When we move an object with by std::move
No. std::move
doesn't move things. It gives us an rvalue expression referring to some object. An rvalue expression results in overload resolution picking functions that take rvalue references, which is convenient because now we will pick those instead of the functions that take values, or lvalue references, which traditionally do copy-like things. Such functions tend to be constructors (so-called "move constructors") or assignment operators (so-called "move assignment operators") because it is during construction and assignment that moving is useful.
it makes the object nullptr
That depends entirely on what said function does. Typically, an object that's worth moving has indirect state, like a pointer to some dynamically-allocated resource. And if said object is moveable, its move constructor is best off doing a swap on those pointers. If it didn't leave the source object's pointer as nullptr
then you have two objects owning the resource. That wasn't a move; it was a [shallow] copy.
A full discussion of the hows and the whys is out of scope of a Q&A, but any good book should have one.

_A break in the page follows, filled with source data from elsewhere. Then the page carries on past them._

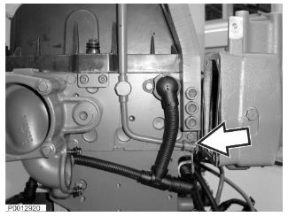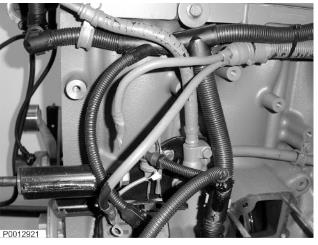 11 在導(dǎo)線線束上安裝連接支架。安裝位于導(dǎo)線線束后面的燃料管。
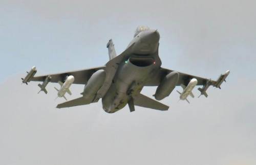 【台军F-16V战斗机挂载2枚鱼叉导弹】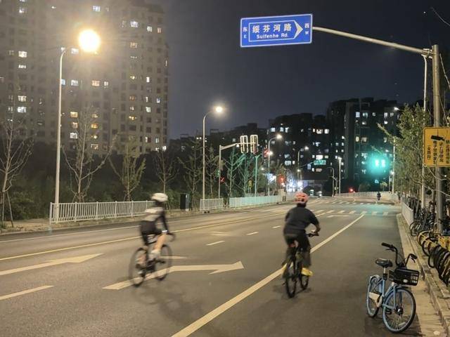 有骑行者告诉记者,他们居住在周边区域,结伴而来,该线路是自行发现,因为看到骑友往这个方向骑就跟着过来。附近有便利店,能方便休息、及时补给。“新江湾街道的骑行氛围浓厚,以前会走国权北路的大圈路线,但因修路变得坑洼,转而换成这边的小圈。”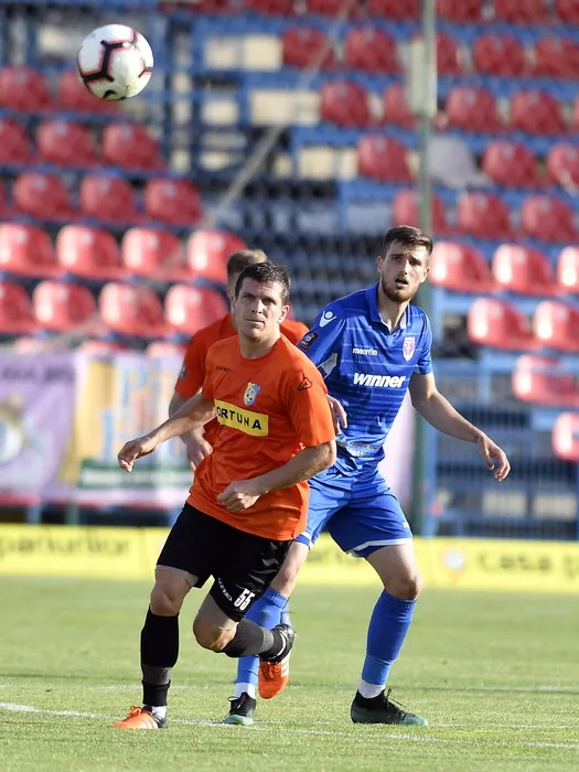 Alexandru Bourceanu si Mihai Capatina in meciul de fotbal dintre FC Voluntari si Dunarea Calarasi, din cadrul playout-ului Ligii 1 Betano, desfasurat pe Stadionul Anghel Iordanescu din Voluntari, duminica 19 mai 2019. © FOTO:Razvan Pasarica/SPORT PICTURES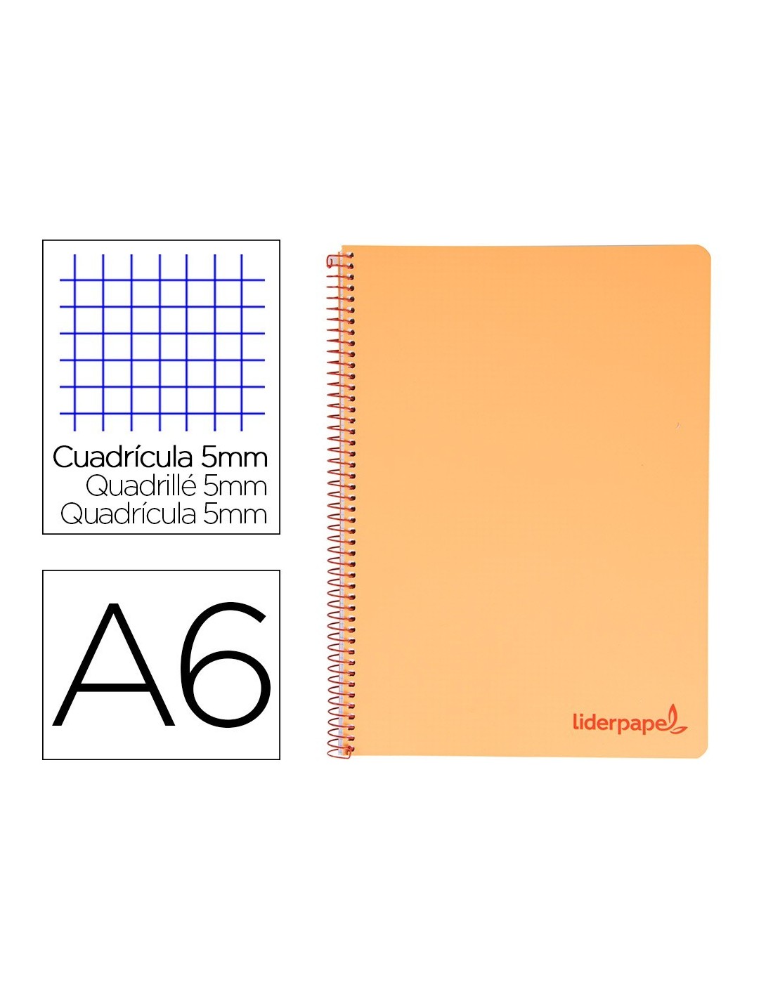 CUADERNO ESPIRAL LIDERPAPEL A6 MICRO WONDER TAPA PLASTICO 120H 90 GR CUADRO 5MM 4 BANDAS COLOR NARANJA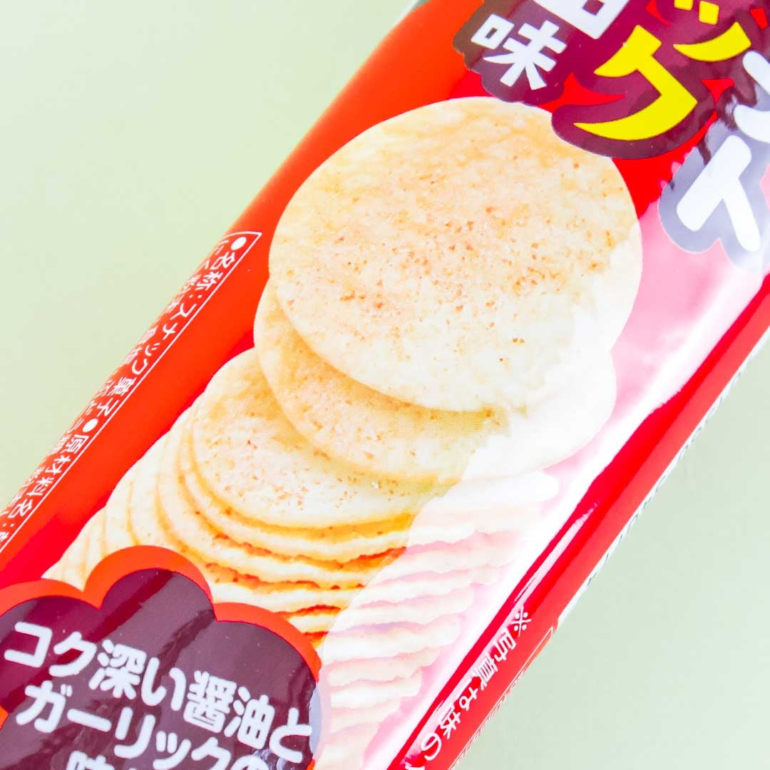 Snack on these mini potato chips that are flavored with soy sauce. These crisps also have a fragrant garlic taste for that extra savory kick!

Also, if this all sounds like a hack, that's because it is one. C++ is a hodge-podge of hacks built on hacks to provide additional functionality over time. In this case, we needed (read: wanted) a way to create a different kind of constructor (and assignment operator), a kind that would take a non-const
reference and could modify the source object (to "steal" its resources), and to achieve that we had to introduce a new kind of reference that would only bind to rvalues (because we were already using everything else for copies), and then we had to introduce a utility function that would turn the name of an object into an rvalue … hence, std::move
was born, the utility function that doesn't move anything.